The clinical decision aid we constructed for mandibular trauma patients consisted of mouth opening limitation, jaw movement pain, malocclusion, tooth mobility or avulsion. The clinical decision aid correctly discerned all the patients who did not require active treatment for mandibular fractures through the absence of the physical examination findings. To the best of our knowledge, no studies have been conducted focusing on such a clinical decision aid. Our clinical decision aids were only constructed with physical examination findings. The main advantage is that the decisions are consistent, also for patients with unclear or unverifiable components such as age, sex or mechanism of injury. The clinical decision aids allow for early bedside management during an early stage of the primary or secondary assessment. Maxillofacial trauma patients often have concomitant injuries and our clinical decision aids might help in stratifying which injuries require prioritization for resuscitation. Moreover, the clinical decision aids can be used to identify the patients requiring a consultation with an oral and maxillofacial surgeon or an otolaryngologist.

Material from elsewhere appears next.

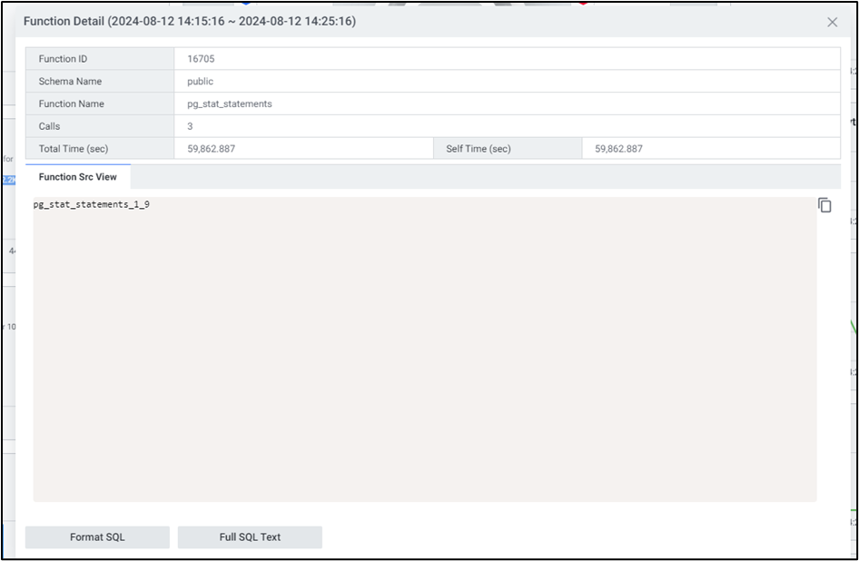 Top Function row 클릭 시 해당 Function ID 정보를 확인할 수 있는 ‘Function Detail’ 팝업창으로 연계됩니다.

Our study has several limitations. First, only those patients who had undergone radiological imaging were included. Nevertheless, we focused on patients who required active treatment and one would expect those not needing radiological imaging as having low fracture risks. Second, the physical examination findings were assessed by emergency physicians with varying years of experience. In addition, these physician are less exposed to maxillofacial trauma patients compared to fully trained oral and maxillofacial surgeons that are more frequently faced with patients that require treatment. Nevertheless, we sought to standardize the physician examination using a tripartite strategy to ensure that testing of the physical examination findings was conducted similar for each patient despite the profession of the assessor. Third, the treatment decision was established using Dutch treatment protocols. However, other international treatment protocols for maxillofacial and mandibular fractures might be different, which confines the generalizability of the clinical decision aids. Thus, these clinical decision aids should be validated by future research with a new population of patients.

In conclusion, the physical examination findings in the clinical decision aids focusing on patients with midfacial or mandibular fractures that require active treatment are diagnostically accurate The clinical decision aids can successfully rule out emergency department patients with midfacial or mandibular fractures that require active treatment and so may be useful in preventing unnecessary radiological procedures.